32nd Conference on Broadcast Meteorology/31st Conference on Radar Meteorology/Fifth Conference on Coastal Atmospheric and Oceanic Prediction and Processes

Wednesday, 6 August 2003: 5:00 PM
Enhanced Dual-Wavelength Technique for Remote Detection of Cloud Liquid Water Content
John K. Williams, NCAR, Boulder, CO; and J. Vivekanandan and G. Zhang
Poster PDF (281.7 kB)
Reliable remote detection of cloud liquid water content (LWC) and droplet sizes is important both for understanding cloud microphysics and meteorological processes and for providing improved diagnostics of icing potential for the aviation community. One particularly promising technique makes use of the ratio of reflectivities measured by co-located millimeter radars operating at different wavelengths, such as Ka and W-band or X and Ka-band radar pairs. This dual-wavelength ratio (DWR) is used to obtain signal attenuation and thereby infer the liquid water density along the radar beams. Unfortunately, useful implementation of the DWR technique has been hindered by its sensitivity to reflectivity measurement error, Mie scattering, and artifacts due to mismatched radar beam sizes and radar locations. The retrieval of reasonable LWC values has usually required significant averaging, which seriously degrades the resolution of the retrievals.
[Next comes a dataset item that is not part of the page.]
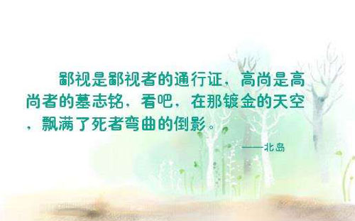 “卑鄙是卑鄙者的通行证,高尚是高尚者的墓志铭”,出自北岛的《回答》。意思是“卑鄙的人可以拿着卑鄙的证件通行无阻,而高尚的人只能在死的时候有一个高尚的墓志铭”。

The present paper elucidates the mechanisms responsible for contaminating the DWR retrievals, describes appropriate censoring and smoothing techniques for mitigating this contamination, and presents methods for boosting the resolution of the smoothed values to nearly the resolution of the raw reflectivity measurements. A fuzzy-logic approach is used to assign and propagate confidence weights throughout the processing. Results from simulations are used to illustrate the artifacts generated by beam mismatches, and data from the Mount Washington Icing Sensor Project (MWISP) and the Alliance Icing Research Study (AIRS) field programs are used to demonstrate and validate the performance of the enhanced DWR retrieval technique.

This research has been performed at the National Center for Atmospheric Research under the auspices of the Federal Aviation Administration's Aviation Weather Research Program.